Aim of the exercise – Transcribe each record word for word. Skip the images.

[Material supplied Boundary: Start]

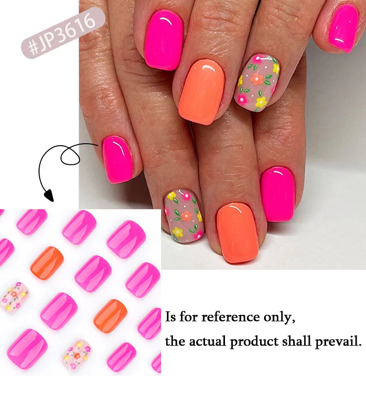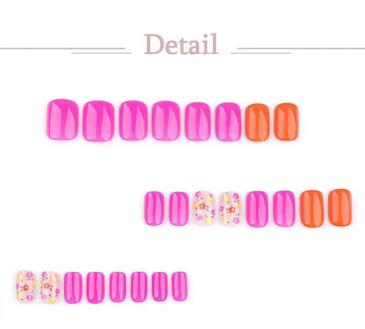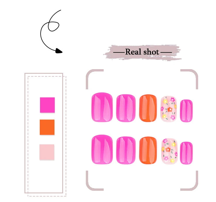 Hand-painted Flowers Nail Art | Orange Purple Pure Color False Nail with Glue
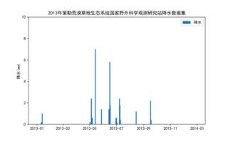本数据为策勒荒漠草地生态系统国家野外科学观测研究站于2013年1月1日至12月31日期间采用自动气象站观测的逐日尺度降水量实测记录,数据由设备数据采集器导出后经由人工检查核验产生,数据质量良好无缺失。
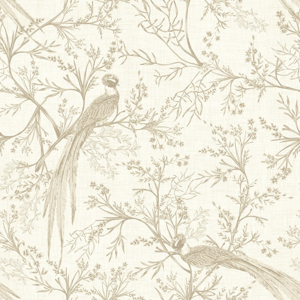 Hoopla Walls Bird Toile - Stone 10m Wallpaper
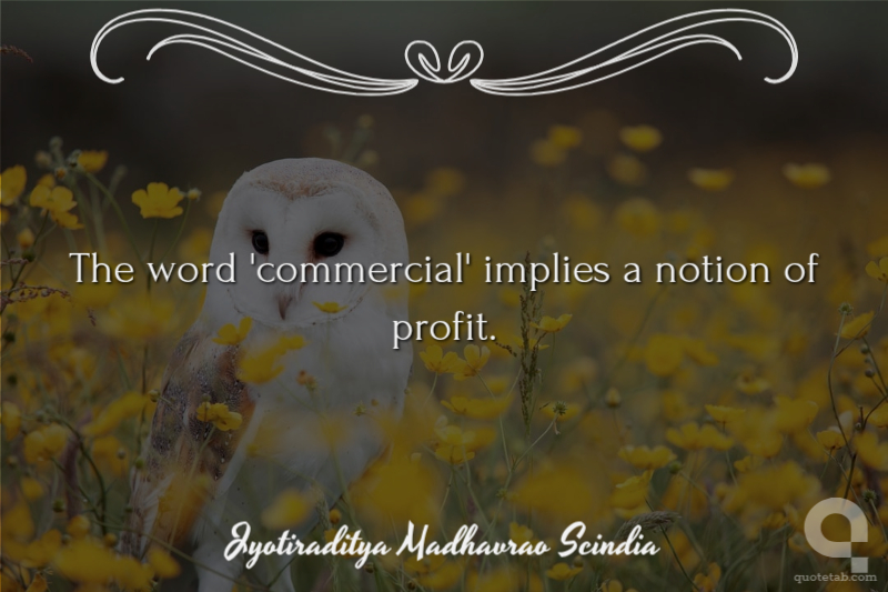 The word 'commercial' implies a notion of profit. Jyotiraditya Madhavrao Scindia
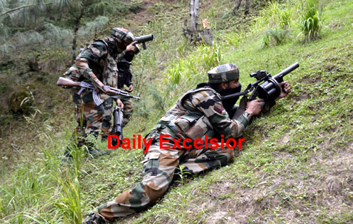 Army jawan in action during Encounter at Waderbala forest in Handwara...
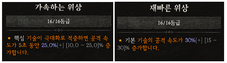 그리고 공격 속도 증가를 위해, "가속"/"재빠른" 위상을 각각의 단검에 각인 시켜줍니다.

[Material supplied Boundary: End]

Answer to this task –
 Hand-painted Flowers Nail Art | Orange Purple Pure Color False Nail with Glue
本数据为策勒荒漠草地生态系统国家野外科学观测研究站于2013年1月1日至12月31日期间采用自动气象站观测的逐日尺度降水量实测记录,数据由设备数据采集器导出后经由人工检查核验产生,数据质量良好无缺失。
 Hoopla Walls Bird Toile - Stone 10m Wallpaper
 The word 'commercial' implies a notion of profit. Jyotiraditya Madhavrao Scindia
 Army jawan in action during Encounter at Waderbala forest in Handwara...
 그리고 공격 속도 증가를 위해, "가속"/"재빠른" 위상을 각각의 단검에 각인 시켜줍니다.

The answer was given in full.